The Scottish Government has seized on new research from the National Institute of Economic and Social Research (NIESR) that says UK service exports could be cut by up to 60% if the UK was removed from the European Single Market.
“New independent research published today has highlighted the risks a hard Brexit will have on exports,” said the Scottish Government.
“The study by the NIESR economic think-tank says UK exports from the services sector could be cut by up to 60%.
“For Scotland this would be equivalent to a £2.3 billion hit.”
The research also said trade in goods could decline by between 35% and 44%.
“If Scottish goods exports were to fall by a similar amount, the cost would be around an additional £3 billion,” said the Scottish Government.

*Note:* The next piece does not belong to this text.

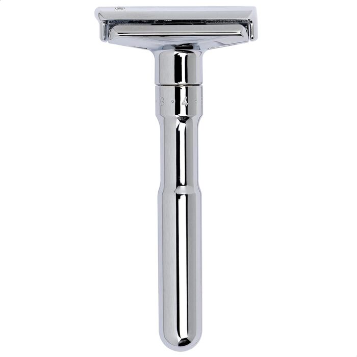 Безпечна бритва MERKUR Futur 701 Дизайн класичний глянсовий хром Бритва прямого різу, що складається з двох частин Ідеально підходить для вологого гоління Цинкове лиття під тиском Латунна рукоятка Зроблено в Німеччині

Minister for UK Negotiations on Scotland’s Place in Europe, Michael Russell said: “Scotland voted overwhelmingly to remain in the EU and this is another report which shows the severe cost to jobs and exports if the UK Government removes Scotland from the Single Market against our will.
“Services exports from Scotland to Europe have been growing rapidly in recent years and to stop this growth would be a severe blow to our long-term economic prospects.
“That’s why the Scottish Government is exploring every option to protect our relationship with, and place in, Europe and in particular our membership of the Single Market.
“If the UK Government is giving assurances to private companies, as it’s been reported, then Scotland should be afforded the same level of respect and engagement on a deal to protect our democratic and economic interests.
“This report shows that even if the UK signed a free trade deal with the EU there will be significant economic damage compared with continuing Single Market membership.
“In the next few weeks the Scottish Government will be publishing detailed proposals for Scotland to remain inside the Single Market even if the rest of the UK leaves.”